• _Material shown_:
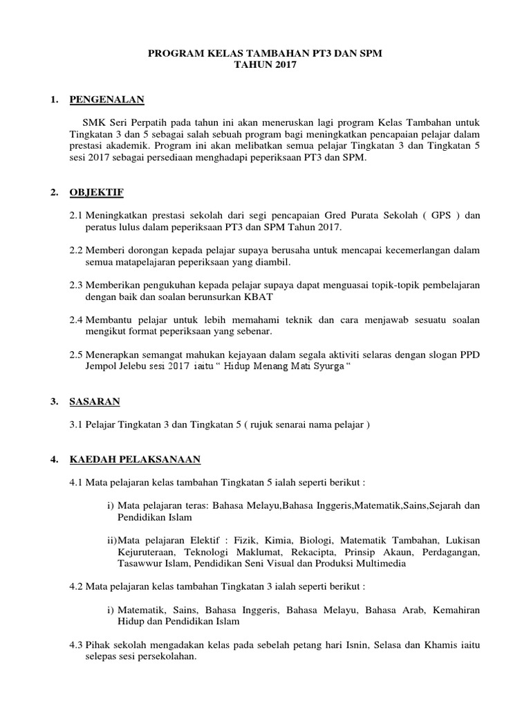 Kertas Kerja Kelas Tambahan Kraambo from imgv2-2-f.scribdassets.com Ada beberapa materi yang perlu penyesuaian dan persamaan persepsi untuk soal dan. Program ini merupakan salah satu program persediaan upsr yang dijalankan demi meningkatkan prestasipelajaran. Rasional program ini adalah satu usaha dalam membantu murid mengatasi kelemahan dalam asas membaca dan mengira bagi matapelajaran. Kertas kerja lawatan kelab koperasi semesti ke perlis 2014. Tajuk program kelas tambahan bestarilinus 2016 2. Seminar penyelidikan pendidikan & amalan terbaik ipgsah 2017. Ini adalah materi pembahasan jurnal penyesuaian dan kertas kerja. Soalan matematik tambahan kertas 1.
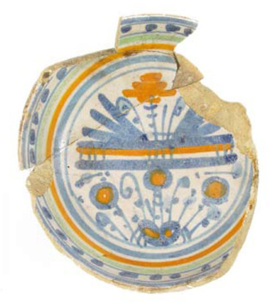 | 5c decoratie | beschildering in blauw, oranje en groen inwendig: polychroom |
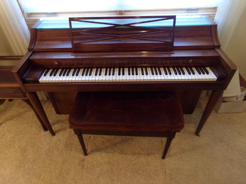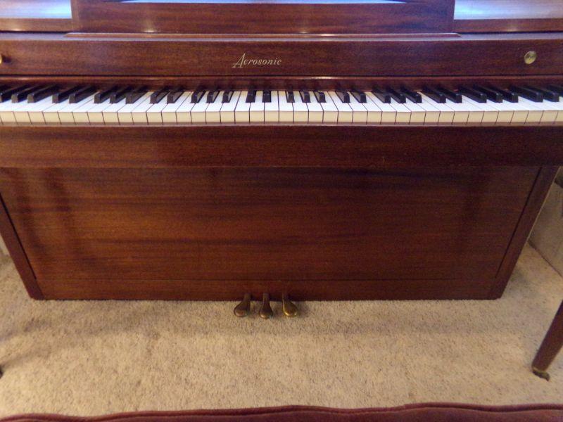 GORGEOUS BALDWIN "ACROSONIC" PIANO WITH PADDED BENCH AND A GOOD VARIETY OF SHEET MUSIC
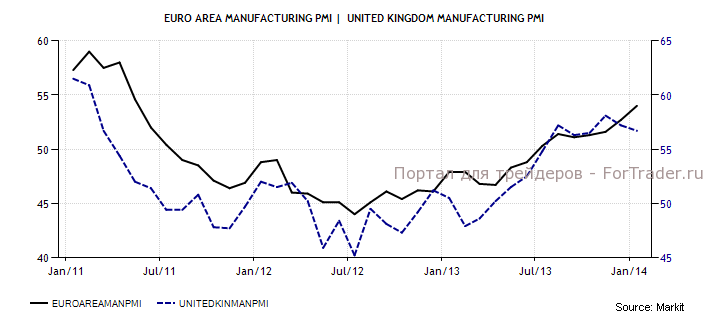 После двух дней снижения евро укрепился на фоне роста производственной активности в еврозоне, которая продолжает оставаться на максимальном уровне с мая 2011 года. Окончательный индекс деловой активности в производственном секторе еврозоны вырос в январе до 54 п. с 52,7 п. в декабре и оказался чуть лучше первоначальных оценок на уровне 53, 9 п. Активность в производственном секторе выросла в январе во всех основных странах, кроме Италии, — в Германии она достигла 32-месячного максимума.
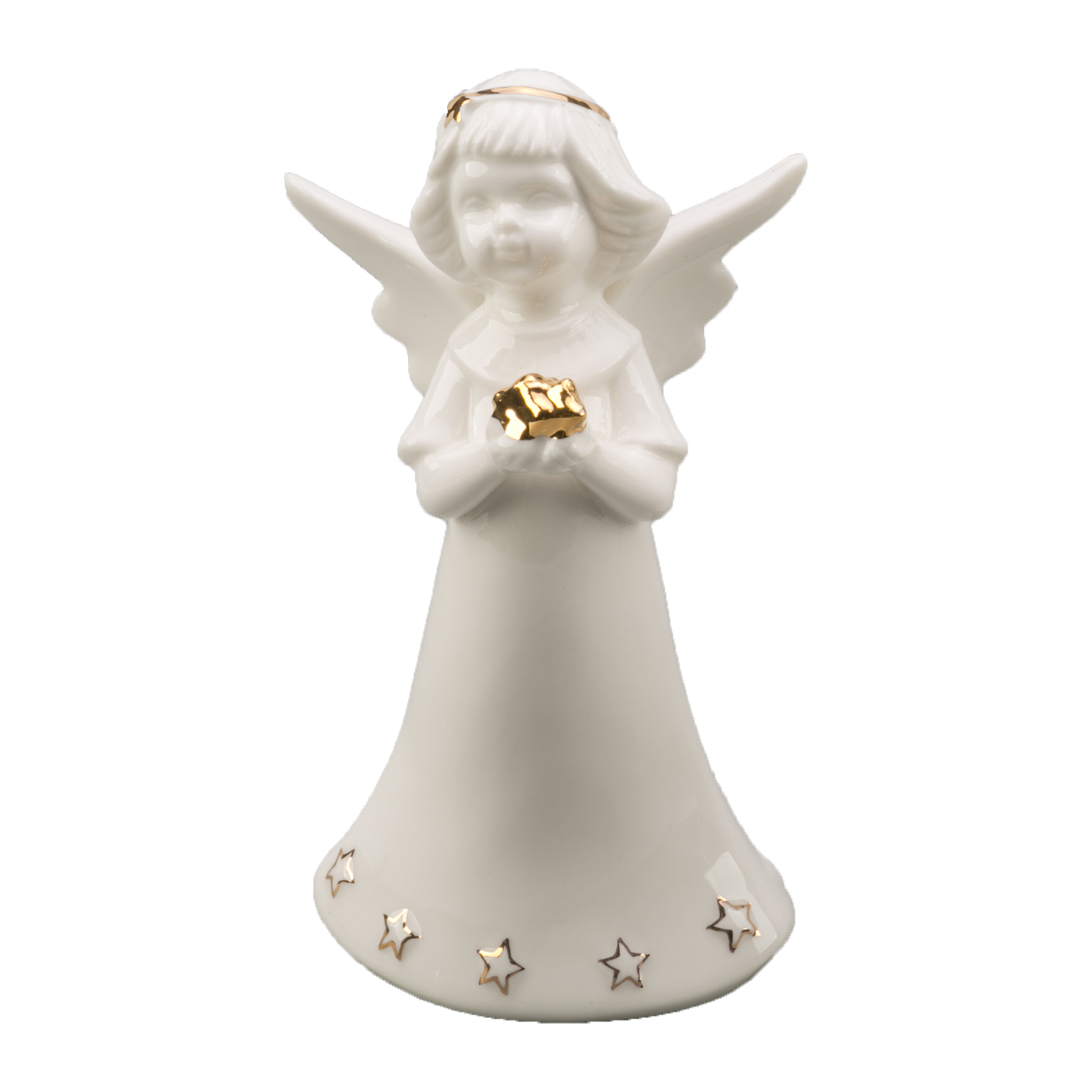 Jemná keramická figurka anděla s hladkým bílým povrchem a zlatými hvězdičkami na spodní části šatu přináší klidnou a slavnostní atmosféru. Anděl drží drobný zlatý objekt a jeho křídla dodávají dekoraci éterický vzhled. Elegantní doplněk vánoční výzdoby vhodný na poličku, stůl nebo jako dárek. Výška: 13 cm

• _Problem to solve_: Return all entries preceding this task exactly as they stand, leaving any picture out.

• _Worked solution_:
 Kertas Kerja Kelas Tambahan Kraambo from imgv2-2-f.scribdassets.com Ada beberapa materi yang perlu penyesuaian dan persamaan persepsi untuk soal dan. Program ini merupakan salah satu program persediaan upsr yang dijalankan demi meningkatkan prestasipelajaran. Rasional program ini adalah satu usaha dalam membantu murid mengatasi kelemahan dalam asas membaca dan mengira bagi matapelajaran. Kertas kerja lawatan kelab koperasi semesti ke perlis 2014. Tajuk program kelas tambahan bestarilinus 2016 2. Seminar penyelidikan pendidikan & amalan terbaik ipgsah 2017. Ini adalah materi pembahasan jurnal penyesuaian dan kertas kerja. Soalan matematik tambahan kertas 1.
 | 5c decoratie | beschildering in blauw, oranje en groen inwendig: polychroom |
 GORGEOUS BALDWIN "ACROSONIC" PIANO WITH PADDED BENCH AND A GOOD VARIETY OF SHEET MUSIC
 После двух дней снижения евро укрепился на фоне роста производственной активности в еврозоне, которая продолжает оставаться на максимальном уровне с мая 2011 года. Окончательный индекс деловой активности в производственном секторе еврозоны вырос в январе до 54 п. с 52,7 п. в декабре и оказался чуть лучше первоначальных оценок на уровне 53, 9 п. Активность в производственном секторе выросла в январе во всех основных странах, кроме Италии, — в Германии она достигла 32-месячного максимума.
 Jemná keramická figurka anděla s hladkým bílým povrchem a zlatými hvězdičkami na spodní části šatu přináší klidnou a slavnostní atmosféru. Anděl drží drobný zlatý objekt a jeho křídla dodávají dekoraci éterický vzhled. Elegantní doplněk vánoční výzdoby vhodný na poličku, stůl nebo jako dárek. Výška: 13 cm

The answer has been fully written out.